> _WORK ORDER_
Word for word, restate the data that follows, omitting the images.

> _INFORMATION SUPPLIED_
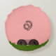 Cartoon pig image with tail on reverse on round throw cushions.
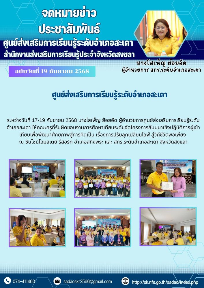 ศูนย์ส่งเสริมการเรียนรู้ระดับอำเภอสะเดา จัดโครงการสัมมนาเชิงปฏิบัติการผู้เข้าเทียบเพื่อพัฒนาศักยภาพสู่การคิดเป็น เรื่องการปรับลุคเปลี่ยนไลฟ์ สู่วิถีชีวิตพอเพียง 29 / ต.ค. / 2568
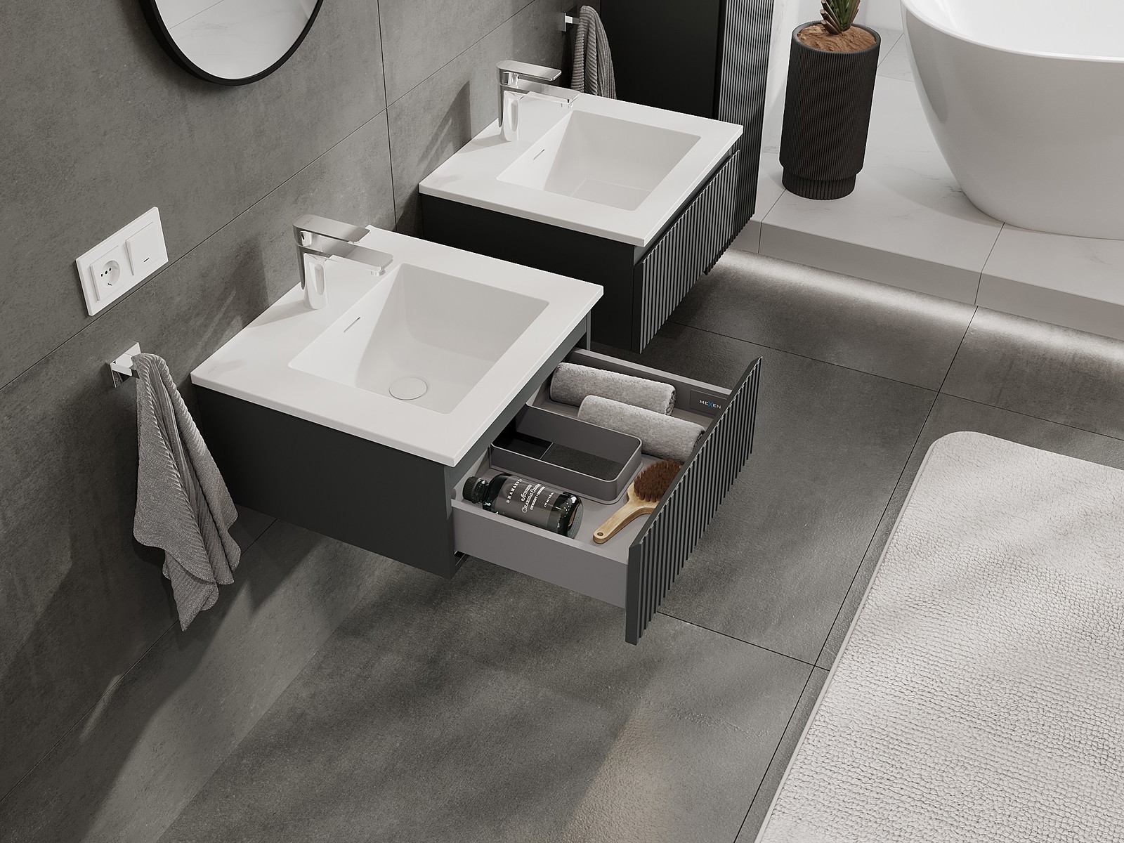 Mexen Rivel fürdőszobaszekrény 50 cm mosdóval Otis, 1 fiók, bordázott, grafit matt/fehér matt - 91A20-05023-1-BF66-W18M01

> _EXERCISE SOLUTION_
 Cartoon pig image with tail on reverse on round throw cushions.
 ศูนย์ส่งเสริมการเรียนรู้ระดับอำเภอสะเดา จัดโครงการสัมมนาเชิงปฏิบัติการผู้เข้าเทียบเพื่อพัฒนาศักยภาพสู่การคิดเป็น เรื่องการปรับลุคเปลี่ยนไลฟ์ สู่วิถีชีวิตพอเพียง 29 / ต.ค. / 2568
 Mexen Rivel fürdőszobaszekrény 50 cm mosdóval Otis, 1 fiók, bordázott, grafit matt/fehér matt - 91A20-05023-1-BF66-W18M01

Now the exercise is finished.